Wrestling to predict state budget priorities as Trump era launches

Plans being pursued in Washington on major national policy areas such as health care, tax policy and infrastructure development will have enormous impact on state budgets. State officials and experts on state budgeting are wrestling with the uncertainty.
State and local government news and policy site Route 50 reports that on Thursday the Urban Institute hosted a panel of experts in Washington DC to consider some of the major questions hanging over state budget writers.
Colorado, same as states across the country, is bracing for major federal tax and spending changes and program rollbacks, and it’s no surprise repeal of the Affordable Care Act tops the list of concerns.
Debate has already opened at the Capitol on whether it is a good idea or a bad idea to eliminate the state’s Obamacare health insurance exchange, Connect for Health Colorado. Will the state exchange prove a shield for Colorado consumers against the increasingly unsure future of the federal insurance exchanges or will it become increasingly redundant and leave state taxpayers on the hook for millions or tens of millions?
At this point, discussion includes a lot of crystalballing.
The Trump administration and congressional Republican majorities are moving fast to repeal the law and slow on rolling out a fully formed replacement proposal. But the difference between “repeal” and “repeal and replace” represents a potentially enormous portion of a state budget.
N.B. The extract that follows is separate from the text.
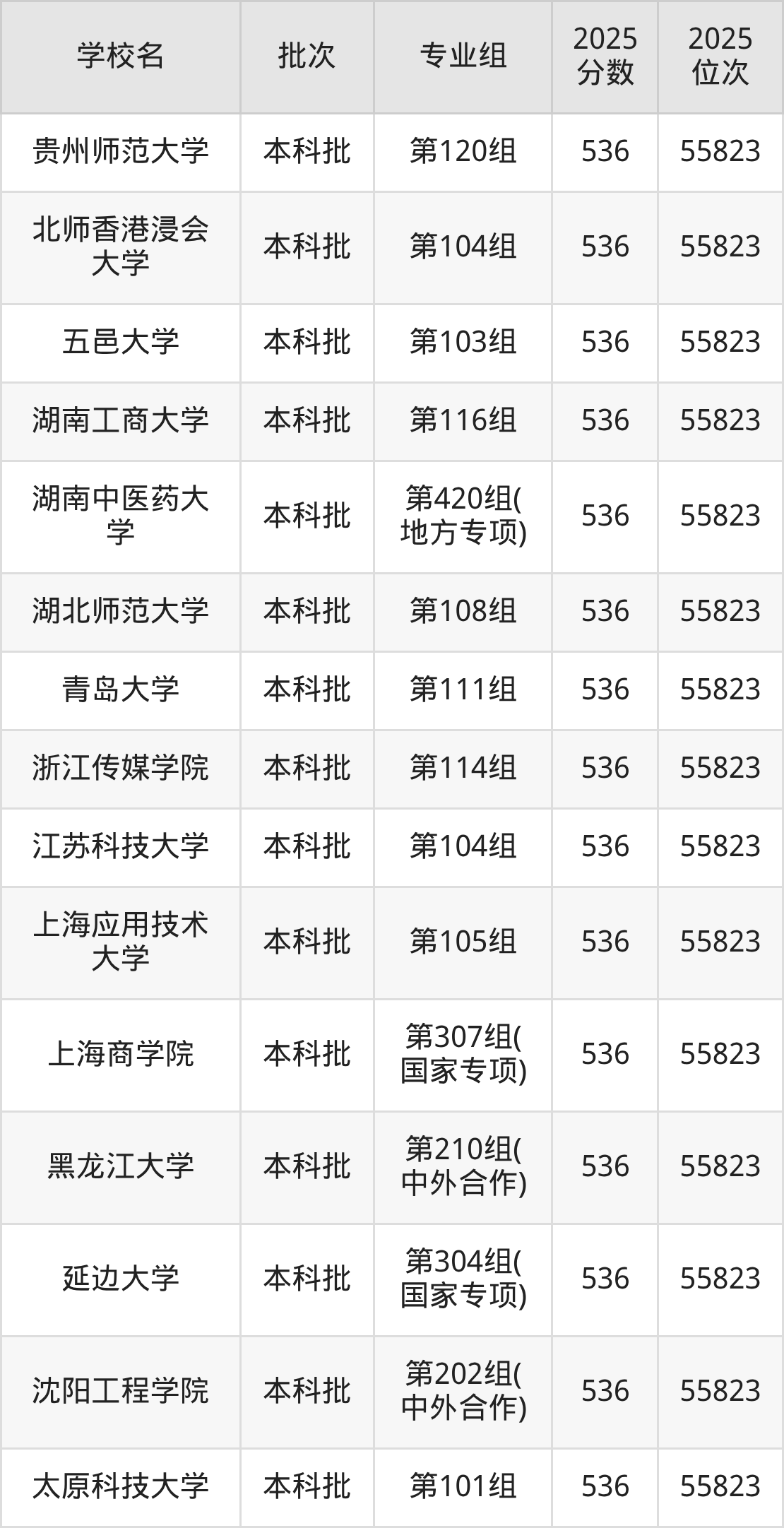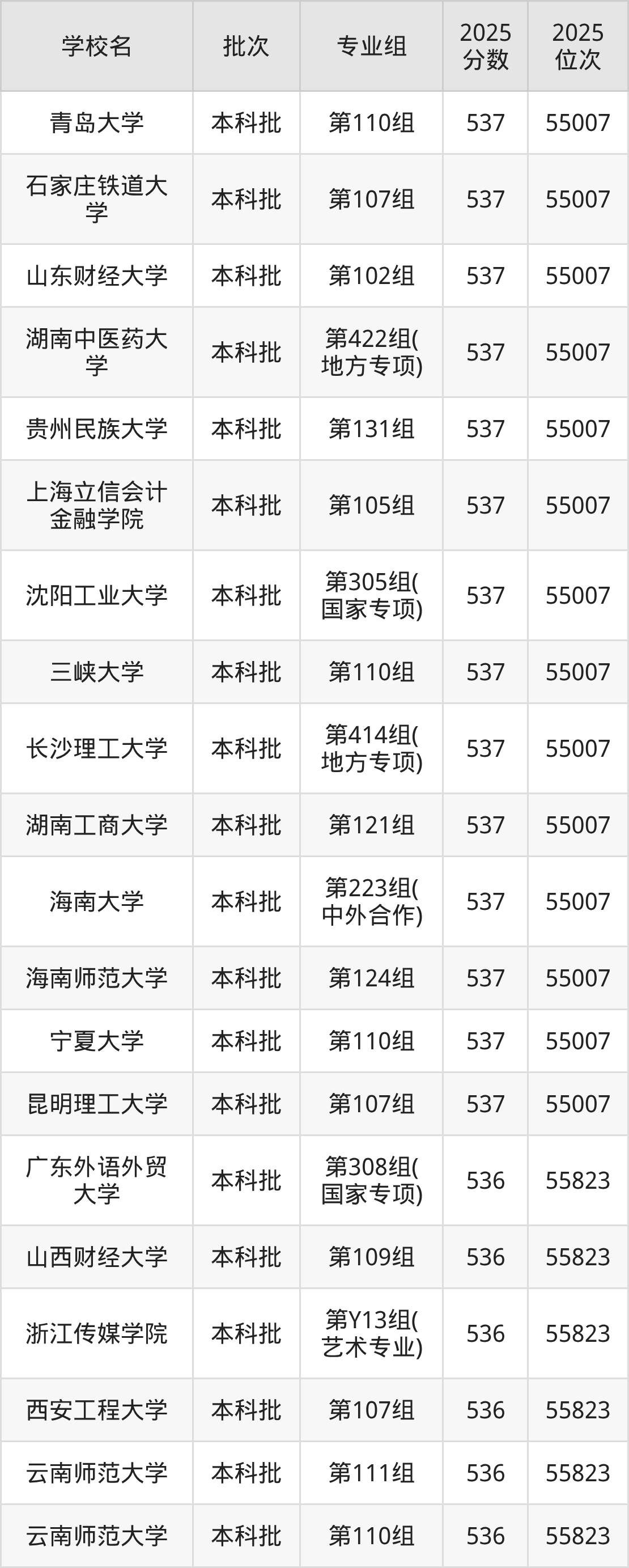 2025年湖南高考物理类536分(55008名~55823名)能上的大学有山西财经大学第109组、太原科技大学第101组、沈阳工程学院第202组(中外合作)、延边大学第304组(国家专项)等。

Repeal without a replacement would leave states with two options, said Kim Rueben, project director of the Urban Institute’s state and local finance initiative, Route 50 reported. Rueben suggested that, in the end, the choice will be stark.
“If states do nothing, they’ll actually save a little bit of money, but millions of people will be uninsured,” she said. “If [states] decide that it’s unacceptable to have that many more people be uninsured, their costs are going to go up.”
It is difficult to imagine Colorado, with its constitutional restrictions on tax hikes, being able to act with any kind of nimbleness to keep Coloradans from falling off the insurance rolls.
Plans in Washington to block grant Medicaid funding to the states could well leave Colorado in a similar bind.
As Rueben put it, the problem is that block grant amounts would be fixed, even though Medicaid costs rise and fall. During economic downtimes – recessions, major workforce shifts – states would be left trying to take up the slack. But the Colorado budget is consistently tight, and the state simply can’t move fast to raise new revenue.
Again, Rueben said, there’s an upside and downside to the plan being proposed in Washington.
“States would have more discretion [on Medicaid spending], but they’d also have more responsibility for making sure that all the services are covered. Given that health care costs are growing much faster than most of the economy, that could leave them on the hook for more and more over time,” she said.
Federal funds now pay 62 percent of the national $532 billion Medicaid tab. Medicaid costs in Colorado come in at $7.4 billion, according to the Kaiser Family Foundation. Large-population states, red and blue, pay many times that amount. The bill in Texas is $36 billion; in California, it’s $85 billion.
Panel members noted that Trump administration plans on infrastructure might present similar tradeoffs.
The president’s infrastructure plan as presented so far would be based around tax breaks and private investment.
That suggests that projects that hold the promise of profit will top the list, but as panelist John Hicks, executive director of the National Association of State Budget Officers, put it “good projects” will draw investors but that won;t necessarily translate into more of the nation’s worn out infrastructure being upgraded or repaired.
“It’s really the quality of the project and its ability to make returns,” Hicks said.
Rueben put a finer point on the problem.
“We don’t necessarily want bridges falling down in Nebraska just because they don’t have the volume to pay,” Rueben said.
I other words, Denver International Airport might attract money to accelerate faster into the future. A mountain county wastewater project, not so much.
Similar discussions are underway in around the energy sector. How might a federal retreat from renewable energy projects affect the energy mix and energy industry investment on the ground in Colorado?
That’s a question a newly formed energy and environment state Senate select committee expects to try to answer this session.